Imagens de microscópio de campo brilhante das culturas primárias da seção das glândulas salivares 2D revelam a presença de tecidos viáveis por até 30 dias de cultura sob todas as concentrações de suplementação sérica testada. A capacidade proliferativa dessas fatias cultivadas representativas foi avaliada pela imunostaining Ki-67 e esse marcador foi observado em todos os pontos de tempo avaliados. Um baixo nível de células positivas Cleaved Caspase-3 também foi observado em todos os pontos de tempo com um pequeno aumento detectado no dia 30.
A coloração de e-cadherin foi observada nas fatias de glândulas submandibulares e parótidas durante o período cultural de 30 dias. Células musculares lisas actin-positivas e organização citoesquelético foram detectadas em níveis semelhantes durante todo o período de cultura. Da mesma forma, proteínas funcionais como amilase e aquaporina-5 também foram detectadas, embora no dia 14 a coloração parecesse ser mais granular.
Em contrapartida, o CD31 e o TUBB3 não foram consistentemente expressos ao longo do período cultural em ambas as glândulas, sugerindo que há uma diversidade de componentes teciduais mantidos por diferentes períodos de tempo ao longo do período cultural de 30 dias.
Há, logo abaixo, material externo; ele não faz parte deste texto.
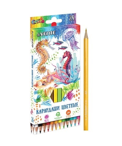 Карандаши цветные "deVENTE. Cosmo" 24 цвета, 2М, диаметр грифеля 2,8 мм, шестигранные, в картонной коробке.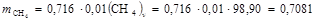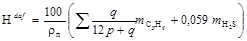 де C daf – масовий вміст вуглецю в паливі на горючу масу, %; H daf – масовий вміст водню в паливі на горючу масу, %; N daf – масовий вміст азоту в паливі на горючу масу, %; O daf – масовий вміст кисню в паливі на горючу масу, %; r н – густина сухого газоподібного палива, кг/нм3. Таким чином, отримано значення, % масового елементного складу природного газу: вуглець – C r = C daf = 73,67; водень – H r = H daf = 24,65; кисень – O r = O daf = 0,12; азот – N r = N daf = 1,56. Масова нижча теплота згоряння Qir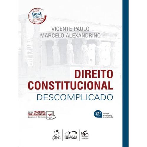 Os Professores Marcelo Alexandrino e Vicente Paulo têm, como relevante diferencial, singular capacidade de transportar para a escrita a mesma didática que os caracteriza nas salas de aulas, pela qual conseguem tratar de temas altamente complexos de forma objetiva e cristalina, em linguagem descomplicada, amplamente acessível. A maestria na comunicação, a clareza na abordagem dos assuntos, a empatia com seu público e a preparação podem explicar parte do sucesso de aceitação de suas obras. Direito Constitucional Descomplicado é reflexo das características apontadas acima. O livro aborda todos os temas relevantes da disciplina, contemplando o conteúdo de editais dos principais concursos públicos, como também os programas das universidades do País, tudo com o rigor científico que exige a matéria. Complementarmente, apresenta uma extensa seleção de exercícios extraídos de provas de importantes bancas examinadoras, organizados por assunto, o que permite uma eficaz fixação do conteúdo estudado. Nesta 21.ª edição do Direito Constitucional Descomplicado, temos, entre outros, os seguintes atos normativos contemplados: EC 115/2022; EC 113/2021; EC 114/2021; EC 111/2021; EC 109/2021. SALA DE AULA VIRTUAL INTEGRADA: Nesta edição, a sala de aula virtual vem integrando o material suplementar com questões interativas das obras Direito Administrativo Descomplicado e Direito Constitucional Descomplicado, proporcionando a conexão entre as duas principais disciplinas do direito, tanto para universitários quanto para concurseiros. Marca: METODO EDITORA *
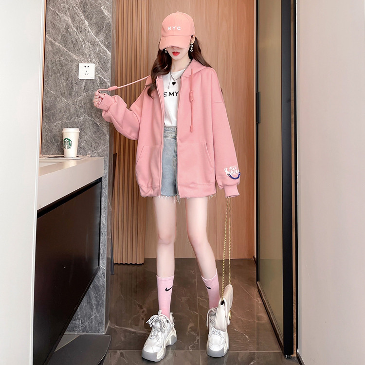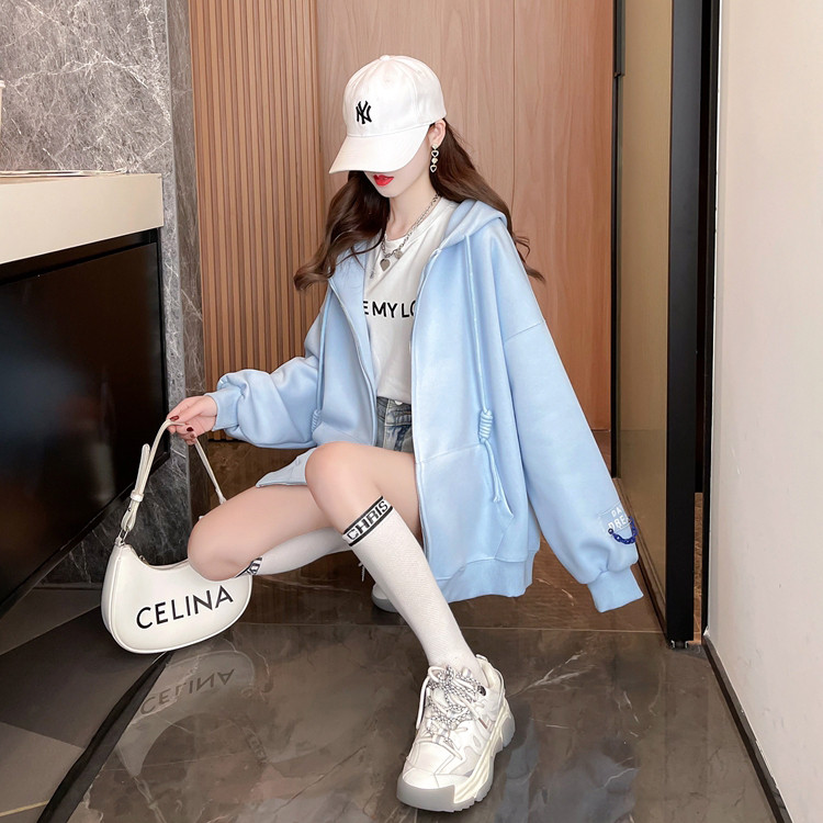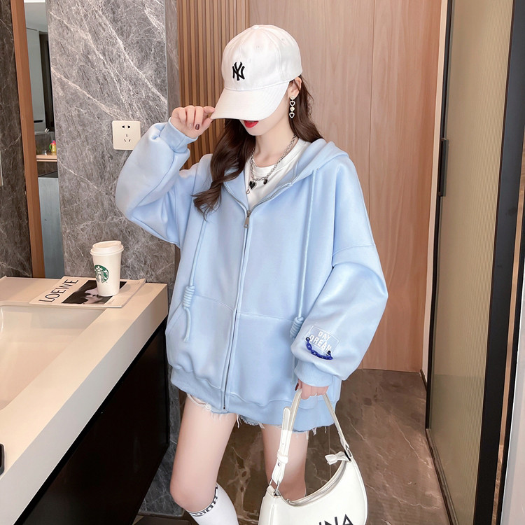 • 商品名称:秋冬装新款连帽卫衣女开衫大码宽松设计感慵懒风外套
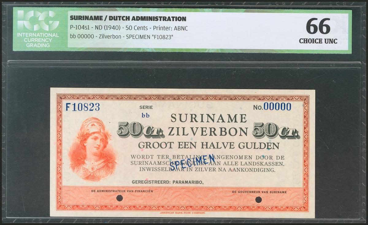 SURINAME. 50 Cents. 1940. Specimen. (Pick: 104s1). ICG66.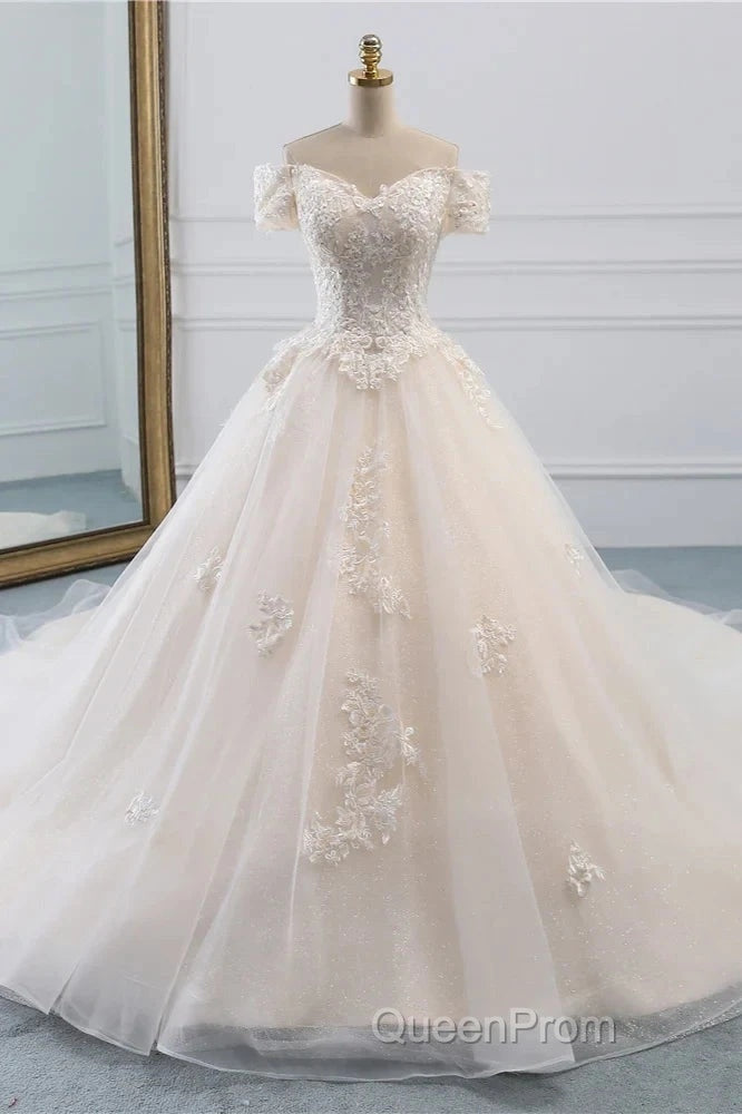 Off-The-Shoulder Wedding Gown With Lace Appliques
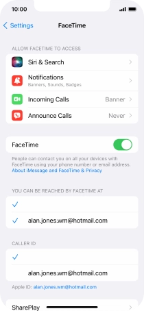 Press the required setting below "YOU CAN BE REACHED BY FACETIME AT".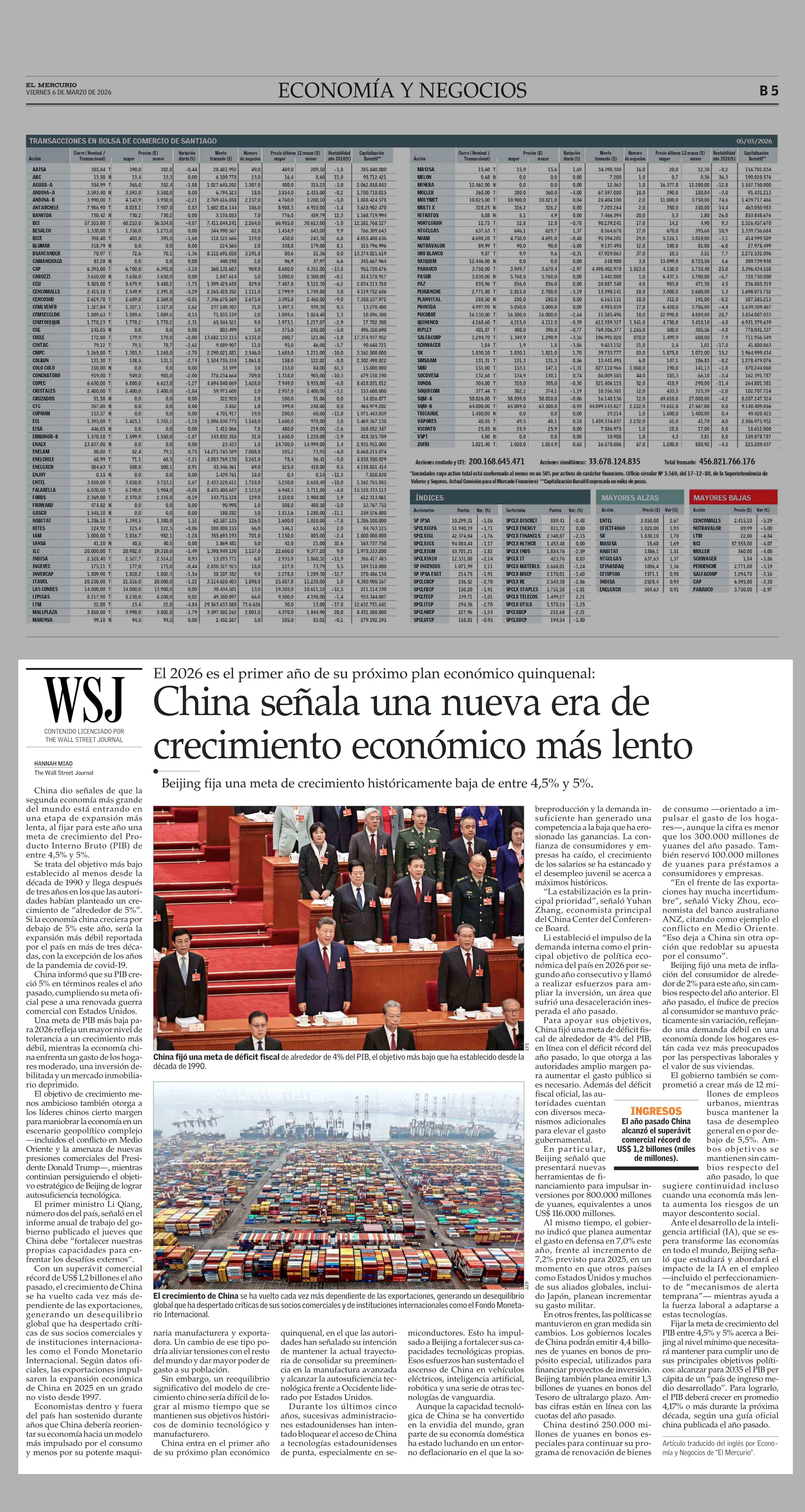China señala una nueva era de crecimiento económico más lento 06-03-2026 El Mercurio |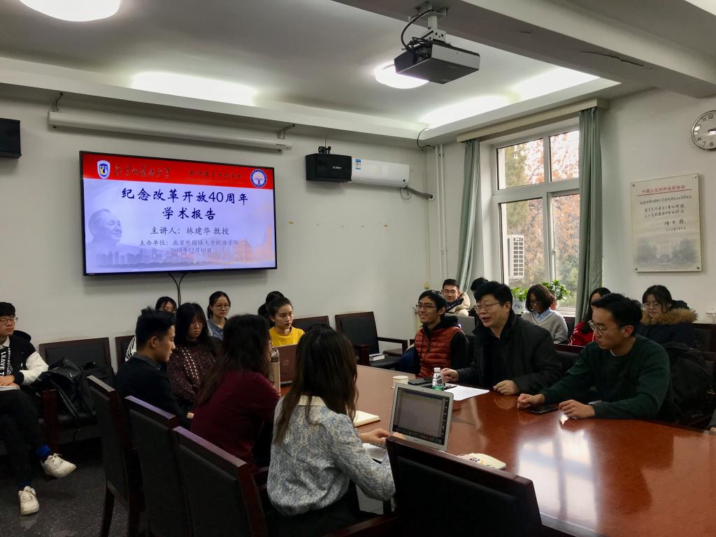 为深入贯彻党的十九大精神,纪念改革开放40周年,12月10日下午,beat365在线唯一官网特邀北外马克思主义学院院长林建华教授为我院师生带来了一场名为“关于改革开放的若干问题”专题讲座。讲座由院党总支副书记杨文主持。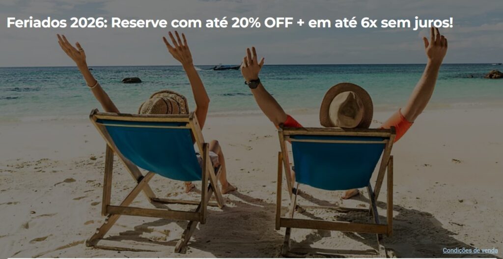 • As ofertas estão sujeitas a condições e à disponibilidade do hotel, além da disponibilidade da oferta no hotel escolhido. Você tem alguns momentos para validar as condições da tarifa: no momento de selecionar os hotéis, quartos e antes de finalizar a sua compra.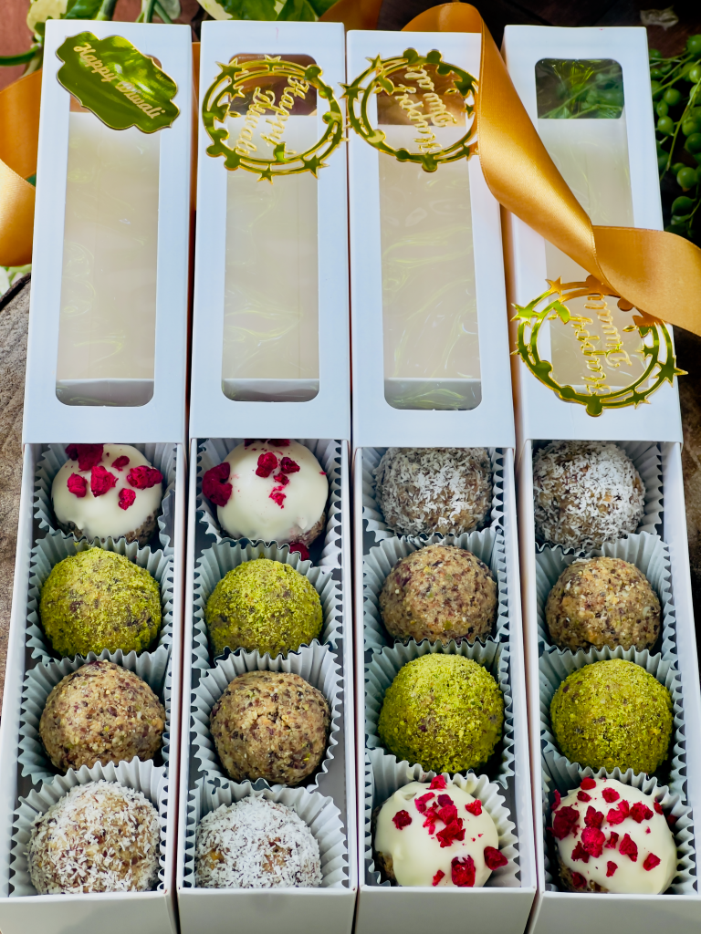 Our Protein Balls are packed with the goodness of seeds, nuts, and dried cranberries. Rich in antioxidants, fiber, Omega-3, vitamins, and minerals, they provide slow-releasing energy to keep you full longer. Sweetened with dates, they also contain Xanthan Gum, which supports collagen production and reduces inflammation. These “POWER PACKED 40GMS BALLS” are a perfect snack for any occasion. Plus, they come with a customizable ribbon and acrylic topper, adding a personalized touch!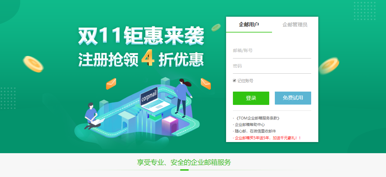 很多企业邮箱用户喜欢用客户端登录,但使用企业邮箱没那么熟练,所以在设置客户端时会有一些困难,而且企业邮箱格式不像免费邮箱或VIP邮箱那样有固定的域名,客户端无法自动识别出收发服务器地址,下面小编就来教大家如何把公司企业邮箱登录到客户端上(流程以TOM企业邮箱为例)。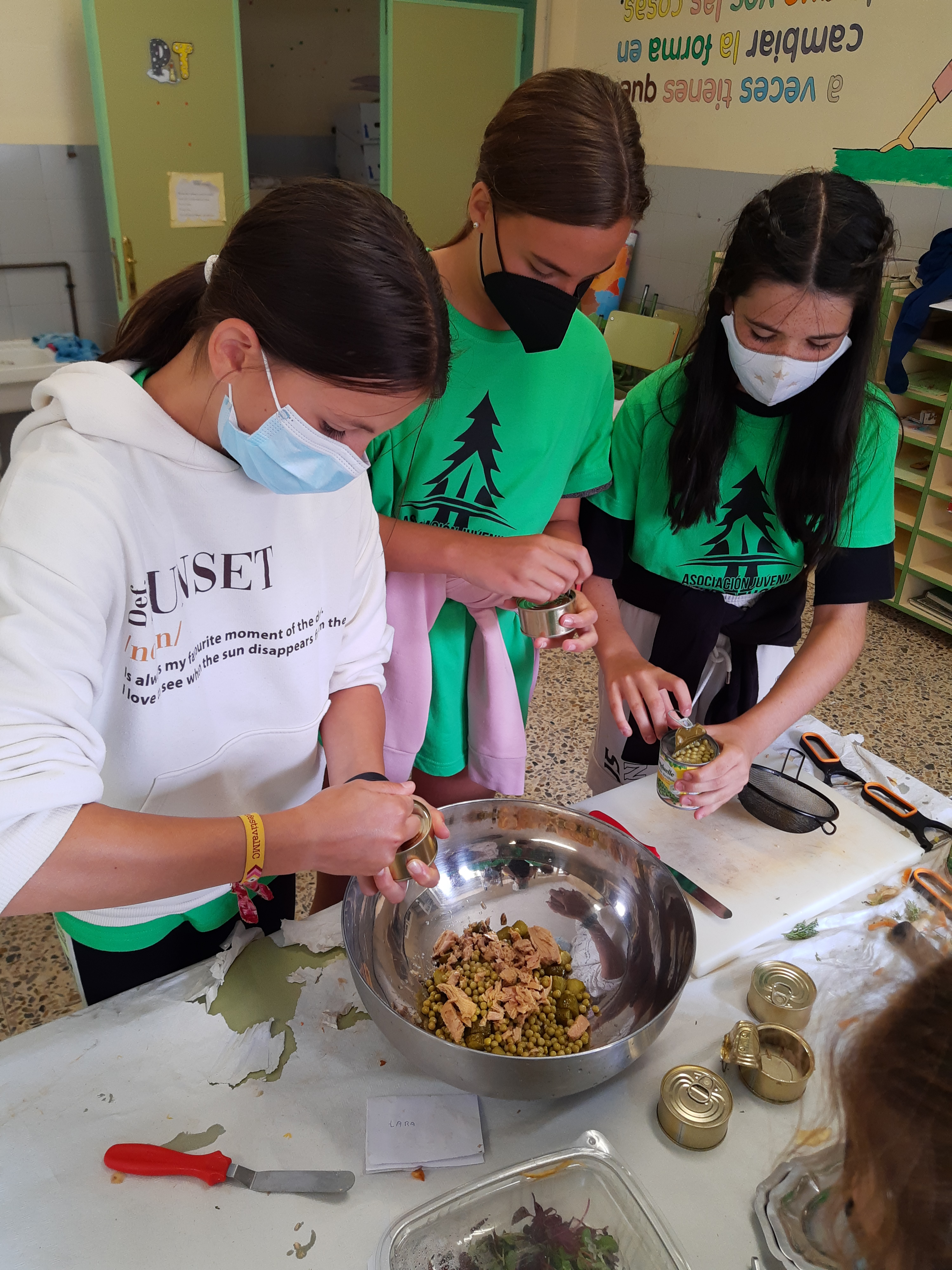 Empezamos el lunes 12 de julio desde el Parque Santa Ana, donde montamos nuestro añorado tipi e hicimos unos juegos para conocernos. Después, bajamos al regadío para hacer una gymkhana entre las huertas de los vecinos y vecinas de Cenicero. De vuelta, preparamos un menú digno de estrella Michelin con Álvaro y Noelia (¡Muchas gracias por todo!): ensaladilla rusa con mayonesa de aguacate y aire de lima, costillas a baja temperatura con salsa barbacoa y patatas y cremoso de yogur con tierra de galletas, esponja de sandía y helado. Por la tarde, jugamos a los misiles para acabar el día.

Fatias irradiadas em ambas as glândulas imitavam alterações apoptóticas e citosqueléticas semelhantes observadas in vivo. Tenha cuidado ao mover as seções do banho pbs no vibratome para a placa de cultura e durante os procedimentos de coloração, pois as seções são pequenas e delicadas.
As culturas de seção podem ser tratadas com a maioria dos métodos de cultura de linha celular com o benefício adicional de estar em condições mais próximas ao in vivo. Prevemos que esta será uma técnica poderosa para outros pesquisadores incorporarem em seus experimentos. A lâmina no vibratome é afiada e pode ser difícil de inserir, por isso esteja cansado ao manusear.
Também o corante azul trypan é tóxico e cancerígeno, então siga todas as diretrizes de PP.